The Legal Intelligencer

Liens Leaving Settlements Unsettled

3/26/2013
Amaris Elliott-Engel

Editor’s note: This article is the first of a two-part series. To read part two, click here.

When Jewis “J.J.” McCoy got a settlement after he took the diabetes drug Avandia, the Kansas City, Mo., man hoped to achieve some financial stability.

He wanted to get a decent car after he had a vehicle repossessed in 2008. And he wanted to get caught up on bills. And he hoped that he wouldn’t have to make the typical choice he has to make between ensuring his car is in decent shape or paying for heat in the winter or air conditioning in the summer.

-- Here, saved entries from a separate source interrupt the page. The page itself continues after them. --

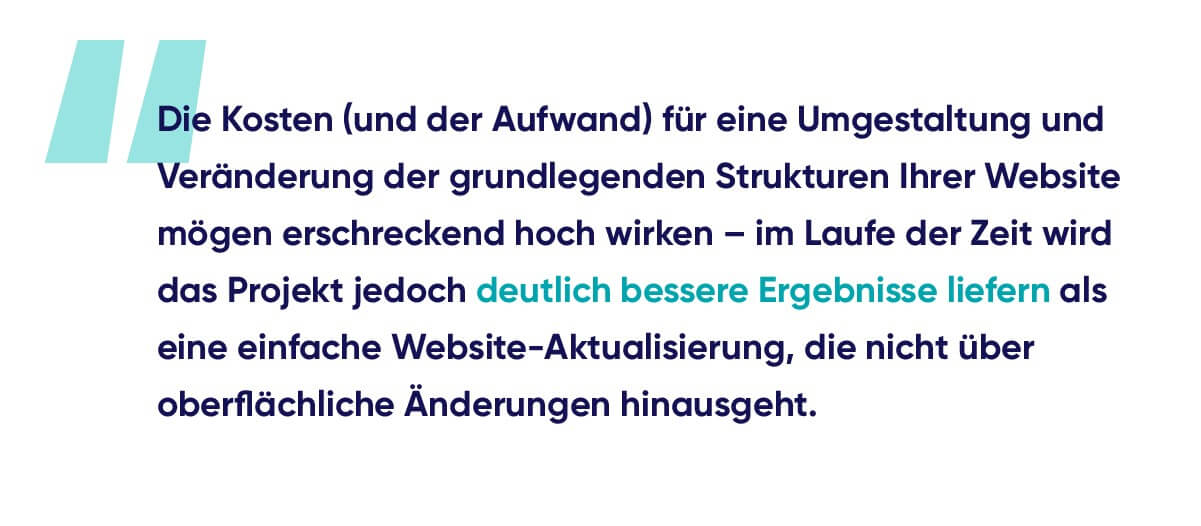 Wie bei jeder größeren geschäftlichen Investition müssen Sie die Notwendigkeit eines Relaunchs abwägen und auf Grundlage der erwarteten Ergebnisse entscheiden, ob sich der Aufwand lohnt.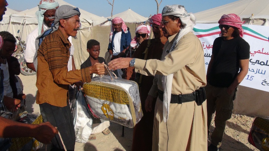 دشنت لجنة الإعتصام السلمي مشروع توزيع بطانيات الشتاء لنازحي إعصار لبان في محافظة المهرة .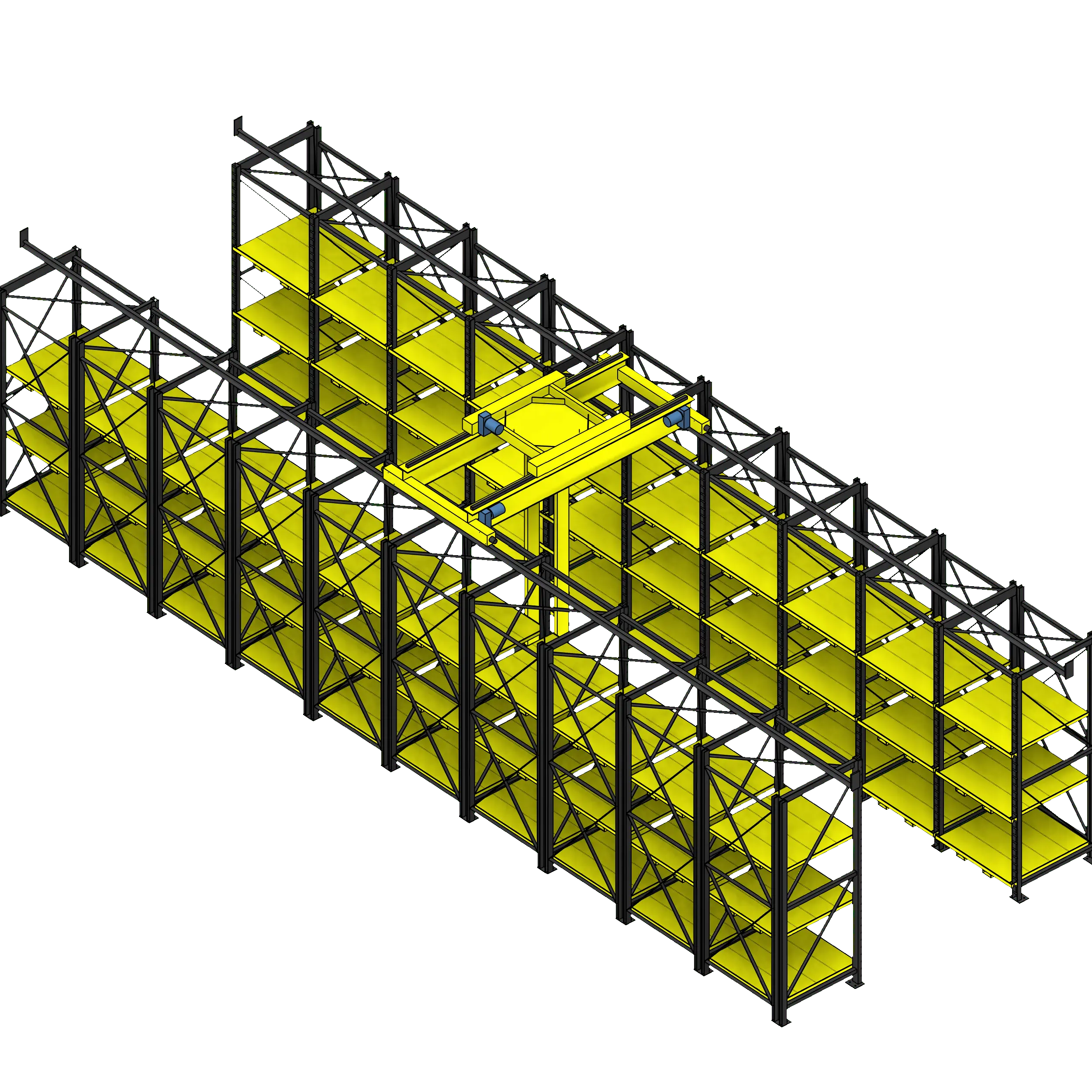 This ingenious storage system consists of instantly adjustable pallet racks and a robust gantry crane. The pallet racks work with special steel pallets that slot directly into the rack using tabs on the back of the pallet and the pins in the frame upright; this allows for pallets to be stacked as tightly as possible without wasted air space above or below traditional fixed beam pallet racks. The pallets may be instantly repositioned using the full-length forklift pockets on the bottom of each pallet.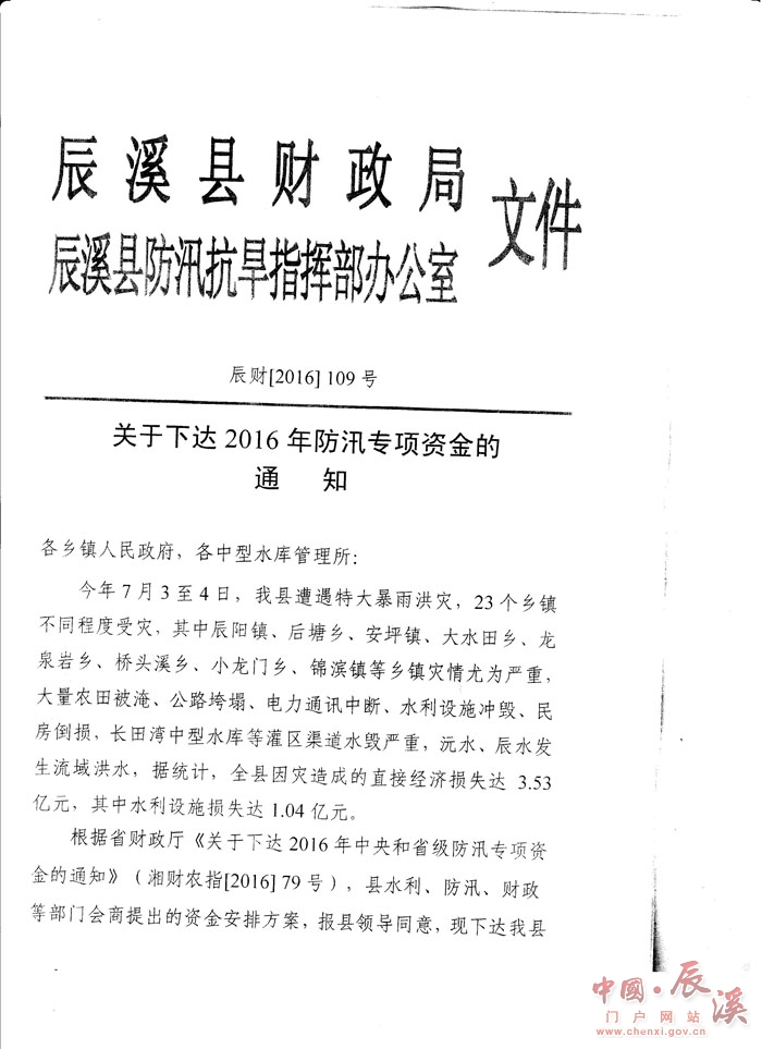 辰溪县人民政府关于印发《辰溪县财政专项资金管理暂行办法》的通知

But the 68-year-old retiree said that what was “like a gold mine in my situation” ended up not being so after he received an undisclosed settlement from GlaxoSmithKline for using a drug that McCoy said left him with coronary artery disease, stroke-like transient ischemic attacks and heart arrhythmia.

There were long delays in his settlement funds being dispersed to him because of the possibility that there might be a lien asserted against his settlement by a private insurer that provides Medicare benefits.

While McCoy was waiting for his settlement proceeds, McCoy said he borrowed money against the settlement with 300 percent interest being charged on three loans. McCoy said that by the time he got the majority of his settlement minus a holdback in case a lien was asserted, he had only $800 left after he caught up on bills, paid back the loans, gave his children some money and paid his personal property taxes.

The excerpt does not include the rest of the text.